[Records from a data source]

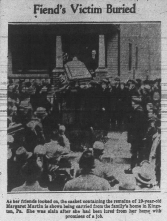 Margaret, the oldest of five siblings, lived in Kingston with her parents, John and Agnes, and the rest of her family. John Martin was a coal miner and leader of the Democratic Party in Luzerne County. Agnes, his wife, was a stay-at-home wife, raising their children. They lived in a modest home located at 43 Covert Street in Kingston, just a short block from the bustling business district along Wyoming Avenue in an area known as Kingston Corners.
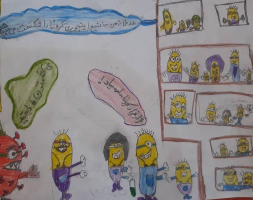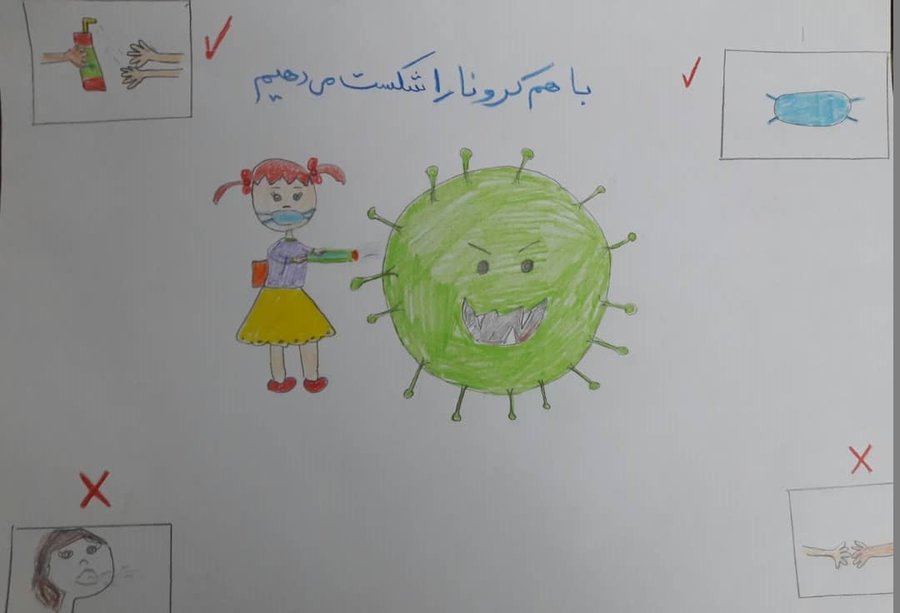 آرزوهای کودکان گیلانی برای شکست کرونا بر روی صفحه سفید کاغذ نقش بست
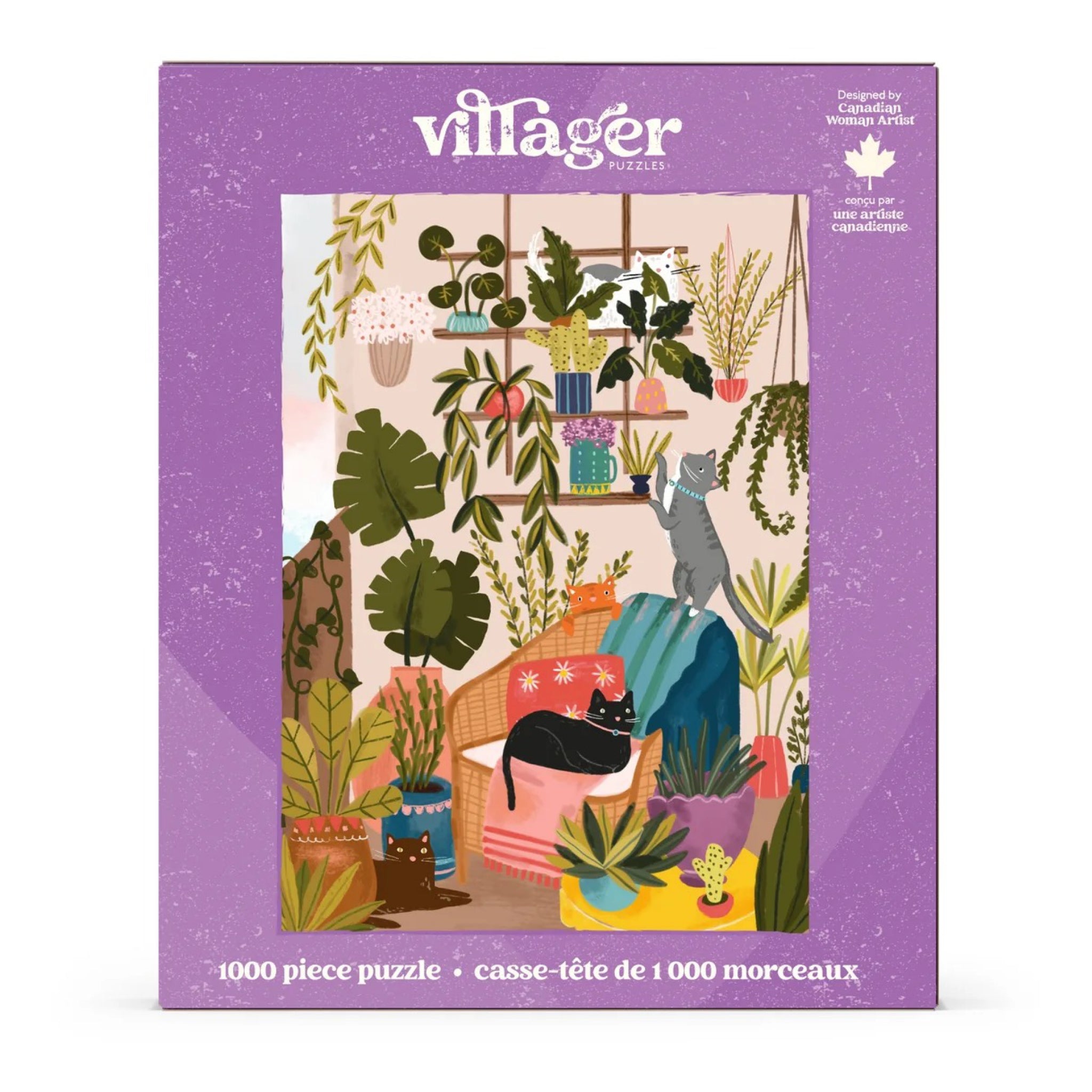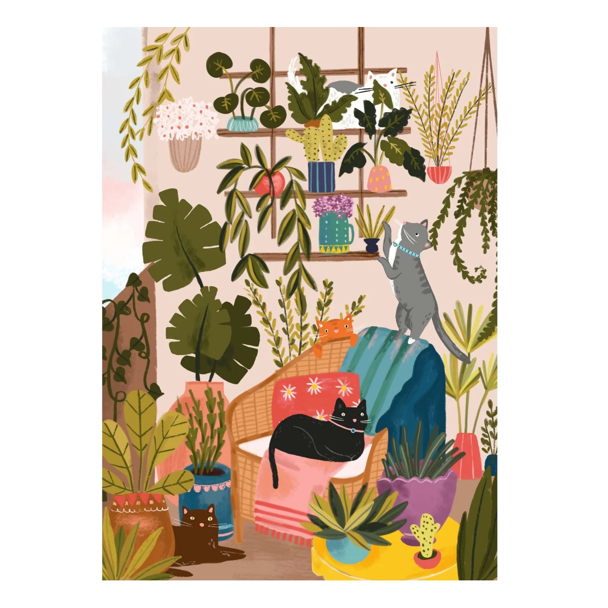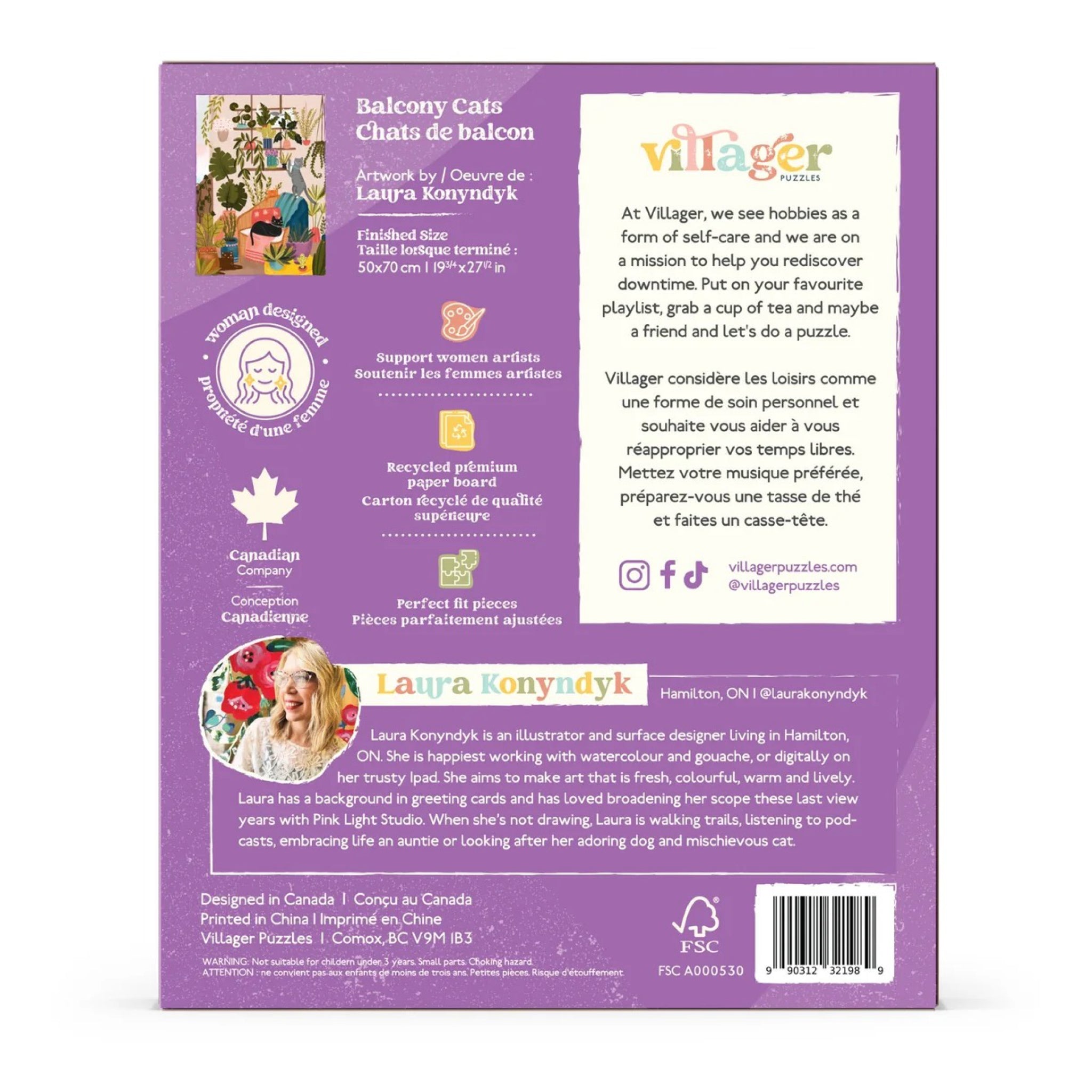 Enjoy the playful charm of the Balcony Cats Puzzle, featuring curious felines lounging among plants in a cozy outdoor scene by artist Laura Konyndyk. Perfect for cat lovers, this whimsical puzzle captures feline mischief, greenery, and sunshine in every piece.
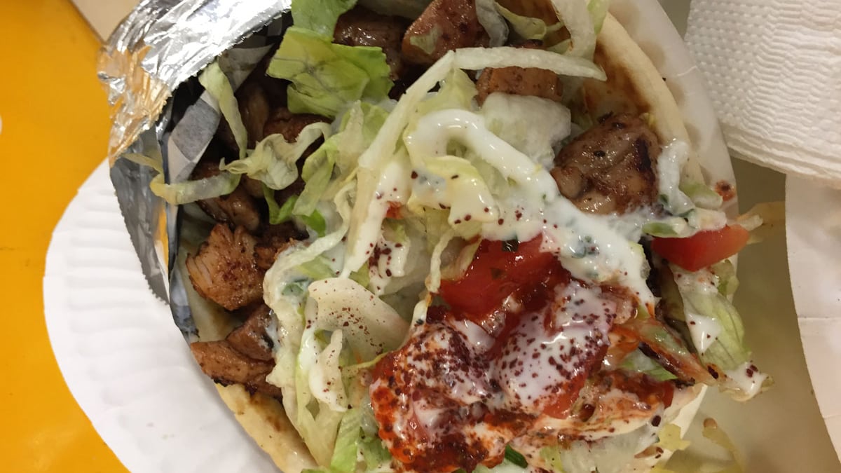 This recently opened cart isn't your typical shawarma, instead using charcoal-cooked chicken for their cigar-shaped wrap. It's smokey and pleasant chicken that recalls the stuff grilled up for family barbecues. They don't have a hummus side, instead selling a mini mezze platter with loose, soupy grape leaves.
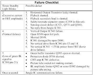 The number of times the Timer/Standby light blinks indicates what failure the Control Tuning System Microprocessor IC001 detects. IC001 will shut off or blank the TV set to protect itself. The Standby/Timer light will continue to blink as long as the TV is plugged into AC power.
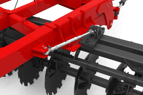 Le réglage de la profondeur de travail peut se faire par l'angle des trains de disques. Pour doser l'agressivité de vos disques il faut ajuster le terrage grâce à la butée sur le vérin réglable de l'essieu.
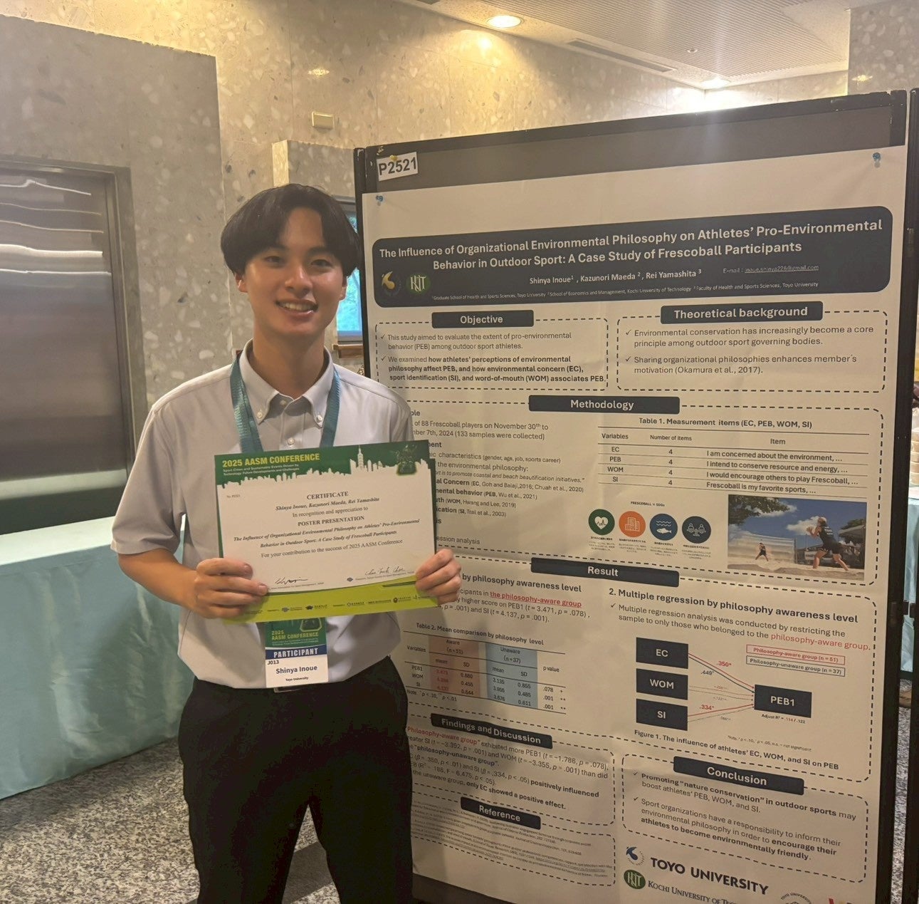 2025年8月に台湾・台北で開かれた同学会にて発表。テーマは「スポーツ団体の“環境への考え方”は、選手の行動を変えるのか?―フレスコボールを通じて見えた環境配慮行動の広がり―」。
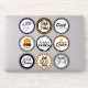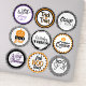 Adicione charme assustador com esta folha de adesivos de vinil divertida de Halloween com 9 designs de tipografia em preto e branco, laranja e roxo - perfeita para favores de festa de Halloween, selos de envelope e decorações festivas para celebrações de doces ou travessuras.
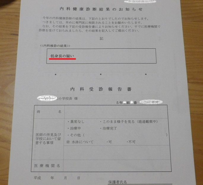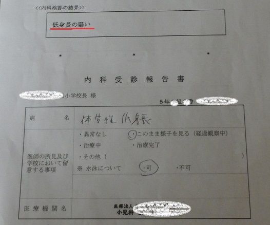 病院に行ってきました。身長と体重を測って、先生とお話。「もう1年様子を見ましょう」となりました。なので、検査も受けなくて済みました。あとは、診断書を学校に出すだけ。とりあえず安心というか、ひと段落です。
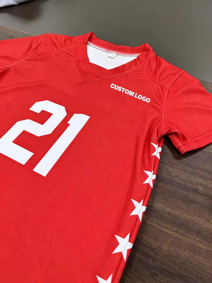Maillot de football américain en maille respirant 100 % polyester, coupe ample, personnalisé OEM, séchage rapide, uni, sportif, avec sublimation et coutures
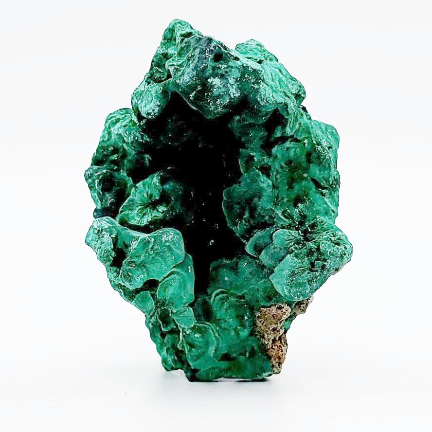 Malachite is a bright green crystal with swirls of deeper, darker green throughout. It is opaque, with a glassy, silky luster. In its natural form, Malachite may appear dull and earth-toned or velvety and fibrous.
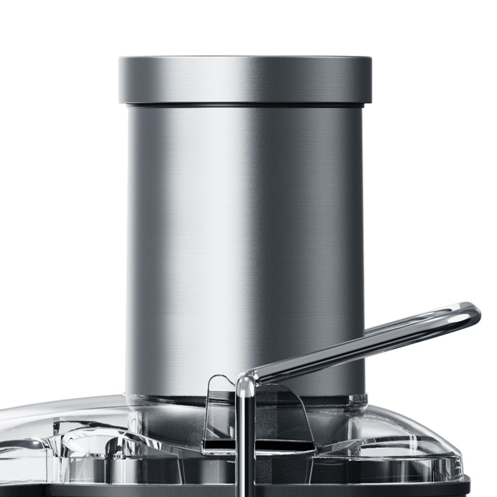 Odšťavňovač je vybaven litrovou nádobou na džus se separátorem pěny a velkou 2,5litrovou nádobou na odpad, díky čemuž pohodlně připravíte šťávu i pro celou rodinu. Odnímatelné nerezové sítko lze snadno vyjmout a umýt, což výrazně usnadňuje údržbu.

- What is being asked -
Above are some entries. Restate word for word the lines from the one holding "This recently opened" through the one holding "病院に行ってきました。身長と", but not the pictures.

- Written reply -
 This recently opened cart isn't your typical shawarma, instead using charcoal-cooked chicken for their cigar-shaped wrap. It's smokey and pleasant chicken that recalls the stuff grilled up for family barbecues. They don't have a hummus side, instead selling a mini mezze platter with loose, soupy grape leaves.
 The number of times the Timer/Standby light blinks indicates what failure the Control Tuning System Microprocessor IC001 detects. IC001 will shut off or blank the TV set to protect itself. The Standby/Timer light will continue to blink as long as the TV is plugged into AC power.
 Le réglage de la profondeur de travail peut se faire par l'angle des trains de disques. Pour doser l'agressivité de vos disques il faut ajuster le terrage grâce à la butée sur le vérin réglable de l'essieu.
 2025年8月に台湾・台北で開かれた同学会にて発表。テーマは「スポーツ団体の“環境への考え方”は、選手の行動を変えるのか?―フレスコボールを通じて見えた環境配慮行動の広がり―」。
 Adicione charme assustador com esta folha de adesivos de vinil divertida de Halloween com 9 designs de tipografia em preto e branco, laranja e roxo - perfeita para favores de festa de Halloween, selos de envelope e decorações festivas para celebrações de doces ou travessuras.
 病院に行ってきました。身長と体重を測って、先生とお話。「もう1年様子を見ましょう」となりました。なので、検査も受けなくて済みました。あとは、診断書を学校に出すだけ。とりあえず安心というか、ひと段落です。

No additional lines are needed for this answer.